Task to carry out: Repeat the listing exactly. Do not carry over any pictures.

Supplied information:

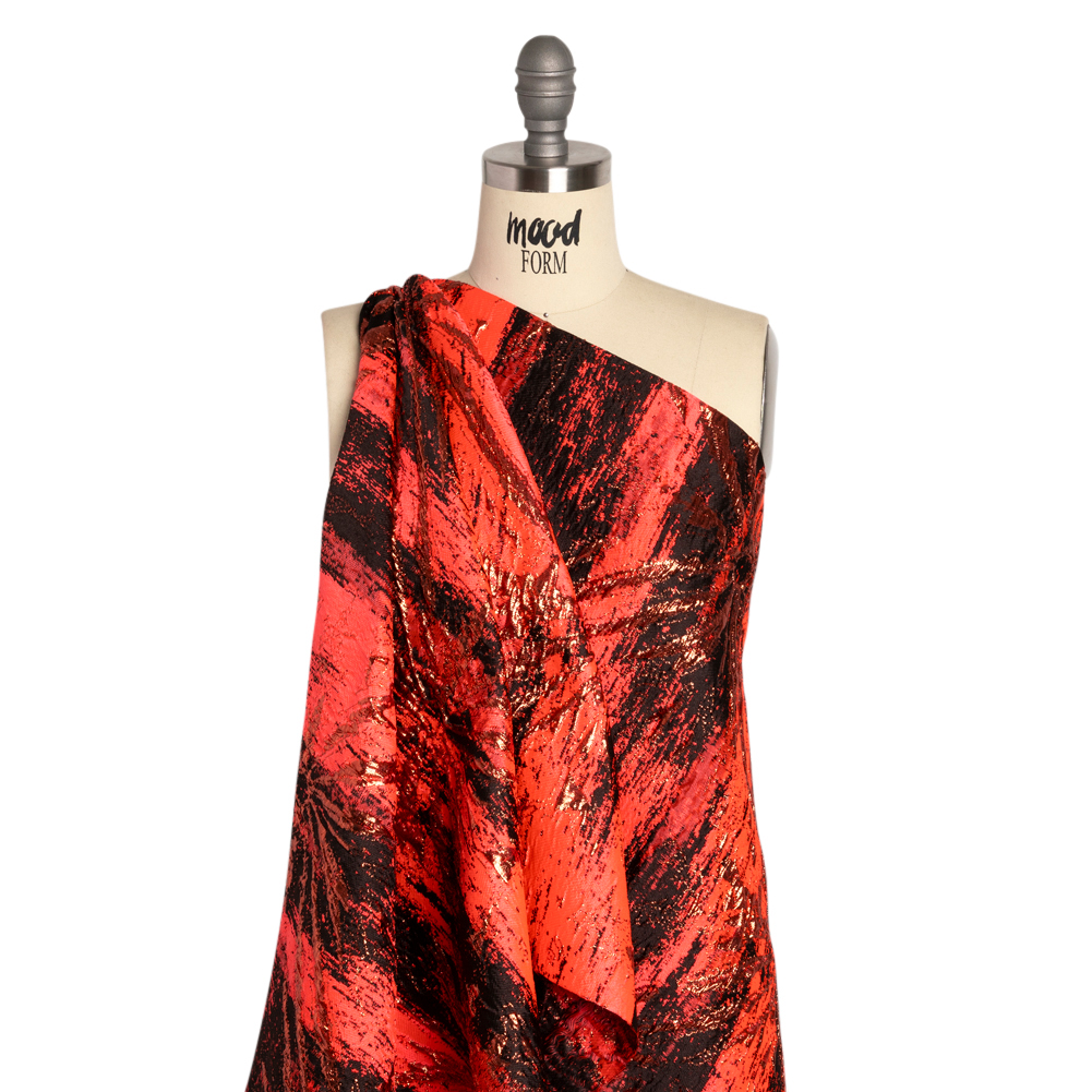 Own the night with this Metallic Copper, Neon Coral and Black Exploding Flowers and Brushstrokes Luxury Brocade! As night falls like paintbrush strokes over a hot pink sky, bronze flowers burst like fireworks. Their metallic shine isn’t the only thing that makes these flowers pop—the complex weave raises these flowers, along with ripples in the face, to give them an embossed look and add texture to the slick hand. Evoking a sense of luxury due to its dimensional face, subtle luster, and voluminous drape, this fabric is stunning in elegant garments and special-occasion formal wear. Punctuate your evening with bold gowns, unique circle skirts, exciting corsets, structured jackets, and more. Plus, you can increase comfort and luxury with the addition of a silk habotai lining!
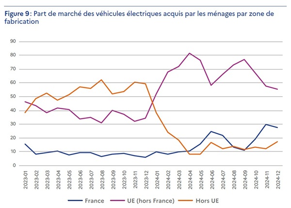 Ce mécanisme s’est traduit par un croisement des courbes sur le marché de l’électrique. Les modèles non éligibles sont passés de 60 % de pénétration fin 2023 à 15 % environ en l’espace d’un trimestre. Radical et efficace.
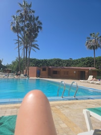 When I arrived at the hotel I was allocated a ground floor room and the glass sliding doors onto the small balcony could not be locked. I advised the male receptionist that I could not stay in the room as it was not secure. He deemed indifferent to my concerns and said he was unable to allocate me another room as the hotel was full. He said he would get someone to look at the sliding doors. After 30 minutes no one had appeared. I returned to reception to be told that nothing could be done that evening. I advised the receptionist I would not be sleeping in a insecure ground floor room. 15 minutes later he returned and advised me the room 20 (2 doors down from my room) had miraculously become available. After posted a review of my treatment at reception on Hotel.com I moved into Room 20. The first thing that had struck me about both Room 18 and 20 was the level of noise coming from the pool area (Disco, Bingo etc). I was assured that the music would stop at 11pm. It didn’t stop until midnight every night. This was my fault had I done more research before booking I would have seen the review about “bring your EarPods if you want a decent sleep. The following morning the reception staff advised me I would be moved to a room on the 4th floor at no extra charge. I was very grateful. It was a nice room, safe but just as noisy as the others. Lesson learned read hotel reviews. This is a hotel for families with children and not for individuals looking for a quiet few days in the sun.

Completed exercise:
 Own the night with this Metallic Copper, Neon Coral and Black Exploding Flowers and Brushstrokes Luxury Brocade! As night falls like paintbrush strokes over a hot pink sky, bronze flowers burst like fireworks. Their metallic shine isn’t the only thing that makes these flowers pop—the complex weave raises these flowers, along with ripples in the face, to give them an embossed look and add texture to the slick hand. Evoking a sense of luxury due to its dimensional face, subtle luster, and voluminous drape, this fabric is stunning in elegant garments and special-occasion formal wear. Punctuate your evening with bold gowns, unique circle skirts, exciting corsets, structured jackets, and more. Plus, you can increase comfort and luxury with the addition of a silk habotai lining!
 Ce mécanisme s’est traduit par un croisement des courbes sur le marché de l’électrique. Les modèles non éligibles sont passés de 60 % de pénétration fin 2023 à 15 % environ en l’espace d’un trimestre. Radical et efficace.
 When I arrived at the hotel I was allocated a ground floor room and the glass sliding doors onto the small balcony could not be locked. I advised the male receptionist that I could not stay in the room as it was not secure. He deemed indifferent to my concerns and said he was unable to allocate me another room as the hotel was full. He said he would get someone to look at the sliding doors. After 30 minutes no one had appeared. I returned to reception to be told that nothing could be done that evening. I advised the receptionist I would not be sleeping in a insecure ground floor room. 15 minutes later he returned and advised me the room 20 (2 doors down from my room) had miraculously become available. After posted a review of my treatment at reception on Hotel.com I moved into Room 20. The first thing that had struck me about both Room 18 and 20 was the level of noise coming from the pool area (Disco, Bingo etc). I was assured that the music would stop at 11pm. It didn’t stop until midnight every night. This was my fault had I done more research before booking I would have seen the review about “bring your EarPods if you want a decent sleep. The following morning the reception staff advised me I would be moved to a room on the 4th floor at no extra charge. I was very grateful. It was a nice room, safe but just as noisy as the others. Lesson learned read hotel reviews. This is a hotel for families with children and not for individuals looking for a quiet few days in the sun.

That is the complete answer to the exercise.